▶ [Task instructions]
Leave out the pictures and restate every entry word for word.

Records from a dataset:
--- START ---

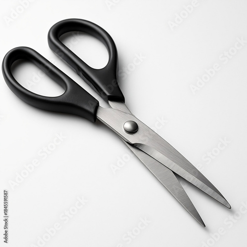 © Irzi, Obraz premium Isolated metal office scissors with sharp steel blades and black plastic handle on a white background
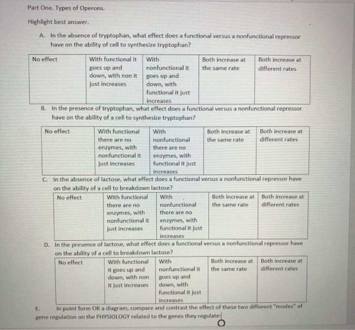 Solved Part One. Types of Operons. Highlight best answer. A. | Chegg.com
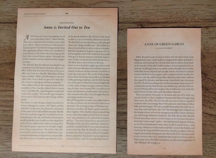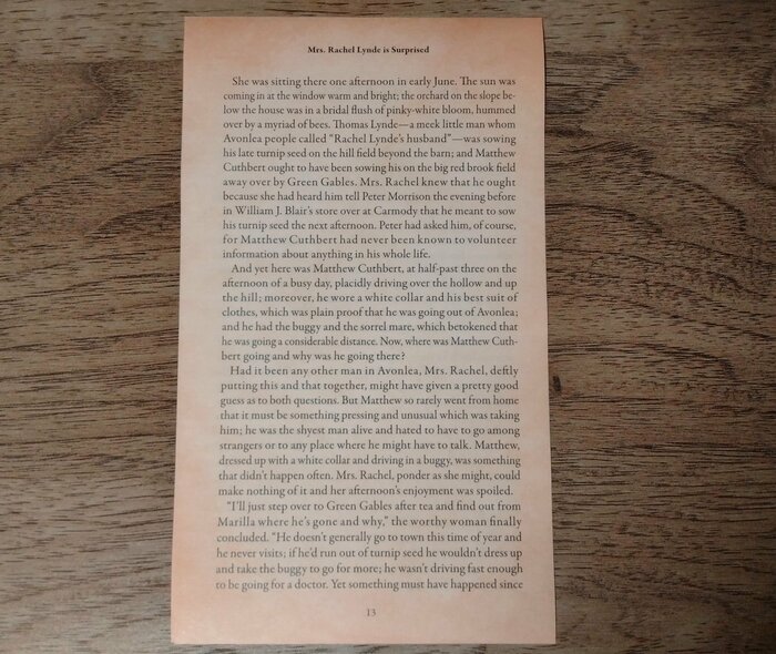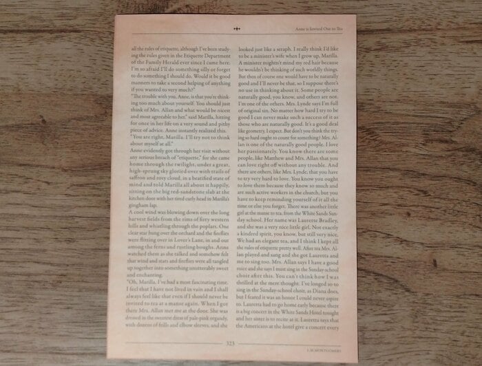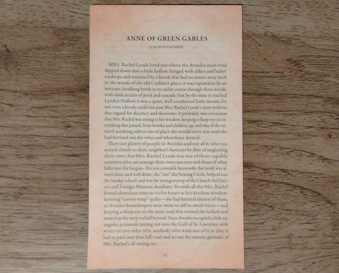 こちらは小さいほうのデザインペーパーです。『赤毛のアン』の第一章の冒頭部分のページがデザインされています。
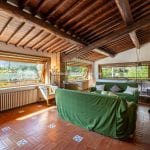 The main villa has a surface area of 622 sqm – 6,693 sqft with a total of 5 bedrooms and 6 bathrooms and has been entirely renovated and converted into a farmhouse with large common areas on the ground floor, breakfast kitchen, laundry and three guest bedrooms (all with en-suite bathrooms on the first floor). An upper floor wing was converted into an apartment, currently used by the owners, consisting of a living room, kitchen with dining area, two bedrooms and two bathrooms. In the basement are the historic cellars, which are nowadays used for storage.
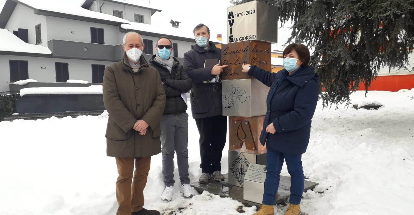“Avis 1970-2020”. Si distinguono queste date incise sul monumento dedicato ai donatori inaugurato mercoledì 30 dicembre davanti alla Sezione Comunale di San Giorgio. Una iniziativa fortemente voluta dai volontari e dal Presidente Leonardo Civardi poiché si inserisce nei festeggiamenti del Cinquantenario della fondazione della Sezione, una realtà che oggi conta oltre 130 iscritti. Mezzo secolo di attività evocati dalla scultura ideata dall’artista locale Alessandro Masera e raffigurante cinque cubi sovrapposti. “Un cubo per ogni decade di vita dell’Associazione”, spiega l’autore dell’opera.
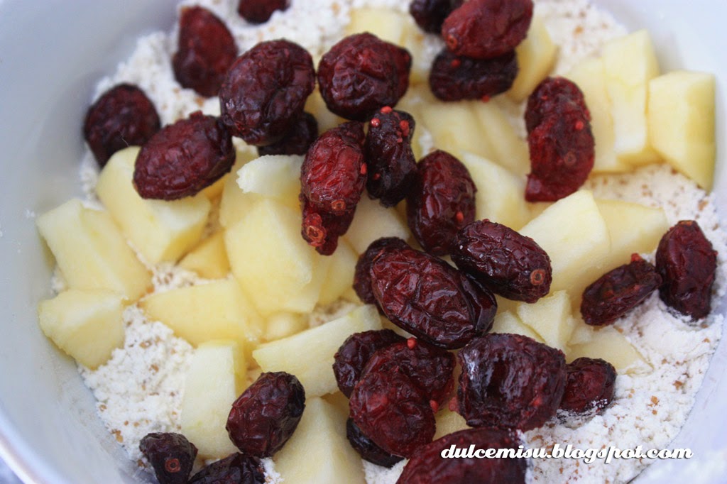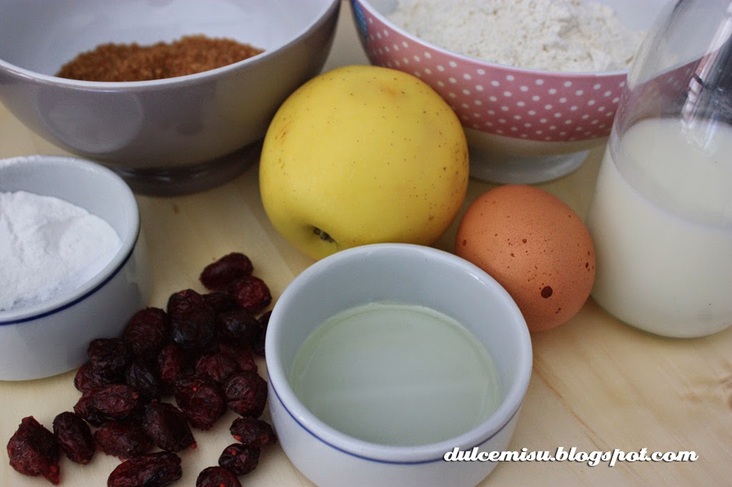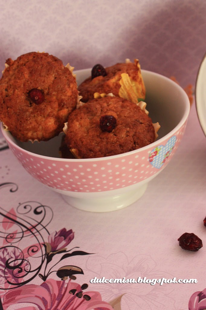 Ya se que en estas fechas todos estamos saturados después de tantas cenas, tantos roscones, turrones… Pero los que somos golosos tenemos que seguir comiendo algo dulce… Así que hoy traigo unos muffins ligeritos, son de manzana y arándanos desecados.

--- END ---

▶ [Answer to this exercise]
 © Irzi, Obraz premium Isolated metal office scissors with sharp steel blades and black plastic handle on a white background
 Solved Part One. Types of Operons. Highlight best answer. A. | Chegg.com
 こちらは小さいほうのデザインペーパーです。『赤毛のアン』の第一章の冒頭部分のページがデザインされています。
 The main villa has a surface area of 622 sqm – 6,693 sqft with a total of 5 bedrooms and 6 bathrooms and has been entirely renovated and converted into a farmhouse with large common areas on the ground floor, breakfast kitchen, laundry and three guest bedrooms (all with en-suite bathrooms on the first floor). An upper floor wing was converted into an apartment, currently used by the owners, consisting of a living room, kitchen with dining area, two bedrooms and two bathrooms. In the basement are the historic cellars, which are nowadays used for storage.
“Avis 1970-2020”. Si distinguono queste date incise sul monumento dedicato ai donatori inaugurato mercoledì 30 dicembre davanti alla Sezione Comunale di San Giorgio. Una iniziativa fortemente voluta dai volontari e dal Presidente Leonardo Civardi poiché si inserisce nei festeggiamenti del Cinquantenario della fondazione della Sezione, una realtà che oggi conta oltre 130 iscritti. Mezzo secolo di attività evocati dalla scultura ideata dall’artista locale Alessandro Masera e raffigurante cinque cubi sovrapposti. “Un cubo per ogni decade di vita dell’Associazione”, spiega l’autore dell’opera.
 Ya se que en estas fechas todos estamos saturados después de tantas cenas, tantos roscones, turrones… Pero los que somos golosos tenemos que seguir comiendo algo dulce… Así que hoy traigo unos muffins ligeritos, son de manzana y arándanos desecados.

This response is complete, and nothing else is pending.